Friday, April 11, 2008

When was the last time you trained your line managers about harassment related issues?

In recent times employers have probably been more concerned to ensure their staff are aware of the risks of encountering liability for age discrimination or for discrimination on the grounds of religion or belief or sexual orientation to have been focussed on the law relating to sex discrimination. However recent developments in the law could have significant impact for employers who are responsible for what goes on in the work place when it comes to harassment, unless the employer can be seen to have taken all reasonable steps to prevent such harassment occurring.

The Sex Discrimination Act 1975 (Amendment) Regulations 2008 amend the Sex Discrimination Act 1975 (SDA) following a High Court's decision in last year in Equal Opportunities Commission v Secretary of State for Trade and Industry (, being yet another occasion on which a court has ruled that the UK has failed to implement EC law properly. The 2008 Regulations, which came into effect on 6 April 2008, widen the definition of sex harassment, and make employers liable in certain circumstances for the harassment of an employee by a third party, amongst other things.

Under the SDA a person harasses a woman where, "on the ground of her sex, he engages in unwanted conduct that has the purpose or effect of violating her dignity, or creating an intimidating, hostile, degrading, humiliating or offensive environment for her". The 2008 Regulations amend the definition to encompass "unwanted conduct related to her sex or the sex of another person" that has the necessary purpose or effect. This is a wider test: for example, an employee would be entitled to complain about sexist remarks directed at someone else or about jokes relating to another woman, such as a celebrity. Would your staff realise they shouldn’t be making comments in work about the size of Jordan’s bust in the latest copy of Hello magazine?

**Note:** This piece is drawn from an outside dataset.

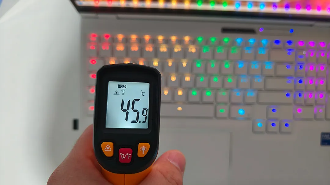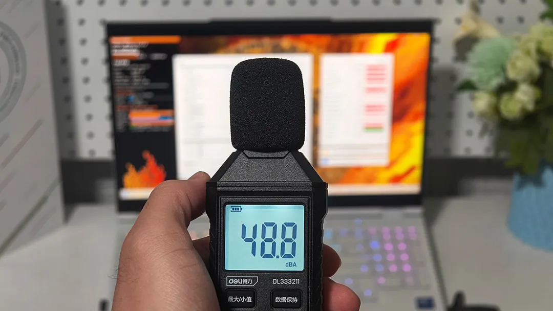 双烤时,人位的噪音值在53分贝左右,与玩家接触最频繁的WASD按键区域46度左右,F键和C键之间的区域达到了51度,左侧掌托大约41度,键盘区域的温控表现一般。
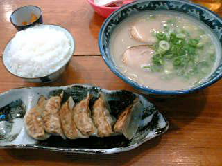 ラーメンとごはん 餃子 とんこつが全面に出たスープ。

The law also widens an employer’s liability for harassment of an employee by a third party such as a visitor, customer, supplier or other service user. The employer is responsible where "A third party subjects the woman to harassment in the course of her employment"; this would cover customers in a restaurant making lewd remarks to a waitress or builders working on your roof woolf-whistling at your employees as they come to work. However liability would only arise if "The employer has failed to take such steps as would have been reasonably practicable to prevent the third party from doing so"; and "The employer knows that the woman has been subject to harassment in the course of her employment on at least two other occasions by a third party". Thus in our example, if the restaurant manager had been informed by other staff of previous comments made by the diner, and failed to warn the diner that such comments would result in him being barred from the restaurant or failed to put signs up in the restaurant warning customers not to be offensive to staff, the restaurant owner could be liable for unlimited damages.

Many readers will say “didn’t we already know this”? after the famous Bernard Manning racial harassment case Burton v De Vere where waitresses were abused by the notoriously rude comedian. Indeed, there are similarities in this law but actually Burton was much wider. The hotel owner didn’t need to know of any previous acts of harassment; the core issue was whether they could reasonably have prevented the harassment in question. Under this new test, even if the third party in question is notorious for having harassed employees in the past and the employer takes no action to prevent further harassment, a new "victim" will have no remedy until she herself has been harassed three times which seems rather odd.